Here is the function I use for quantising:

def quantize(model_dir, output_dir, traindataset, bits, group_size, desc_act, damp, batch_size = 1, use_triton=False, trust_remote_code=False, dtype='float16'):
    quantize_config = BaseQuantizeConfig(
        bits=bits,
        group_size=group_size,
        desc_act=desc_act,
        damp_percent=damp
    )

    if dtype == 'float16':
        torch_dtype  = torch.float16
    elif dtype == 'float32':
        torch_dtype  = torch.float32
    elif dtype == 'bfloat16':
        torch_dtype  = torch.bfloat16
    else:
        raise ValueError(f"Unsupported dtype: {dtype}")
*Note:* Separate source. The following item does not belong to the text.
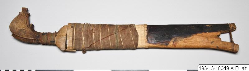 • Bolo, av trä med hylsa. "Välsignad av Mamur". Bolo 41 cm, handtag 14 cm, hylsa 45 cm. (katalog)

    logger.info(f"Loading model from {model_dir} with trust_remote_code={trust_remote_code} and dtype={torch_dtype}")
    model = AutoGPTQForCausalLM.from_pretrained(model_dir, quantize_config=quantize_config, low_cpu_mem_usage=True, torch_dtype=torch_dtype, trust_remote_code=trust_remote_code)

    logger.info(f"Starting quantization to {output_dir} with use_triton={use_triton}")
    start_time = time.time()
    model.quantize(traindataset, use_triton=use_triton, batch_size=batch_size)

    logger.info(f"Time to quantize model at {output_dir} with use_triton={use_triton}: {time.time() - start_time:.2f}")

    logger.info(f"Saving quantized model to {output_dir}")
    model.save_quantized(output_dir, use_safetensors=True)
    logger.info("Done.")

That function is part of a script I wrote to easily quantise a model from the command line. The full script is below. You could save this and run it immediately to quantise with C4 or Wikitext2. it's able to make multiple GPTQs of a single base model, with varying parameters for testing. But you can use it to just make just one by using the command line parameters.

It always uses 128 samples and I didn't add a parameter for that, but it would be easy to add.

Example execution of the script:

python3 quant_autogptq.py /workspace/llama-30b /workspace/llama-30b-gptq wikitext --bits 4 --group_size 128 --desc_act 0  --dtype float16

Script:

import time
import os
import logging

from transformers import AutoTokenizer, TextGenerationPipeline
from auto_gptq import AutoGPTQForCausalLM, BaseQuantizeConfig
import numpy as np
import torch
import torch.nn as nn
import argparse

def get_wikitext2(nsamples, seed, seqlen, tokenizer):
    from datasets import load_dataset
    logger = logging.getLogger(__name__)

    wikidata = load_dataset('wikitext', 'wikitext-2-raw-v1', split='test')
    wikilist = [' \n' if s == '' else s for s in wikidata['text'] ]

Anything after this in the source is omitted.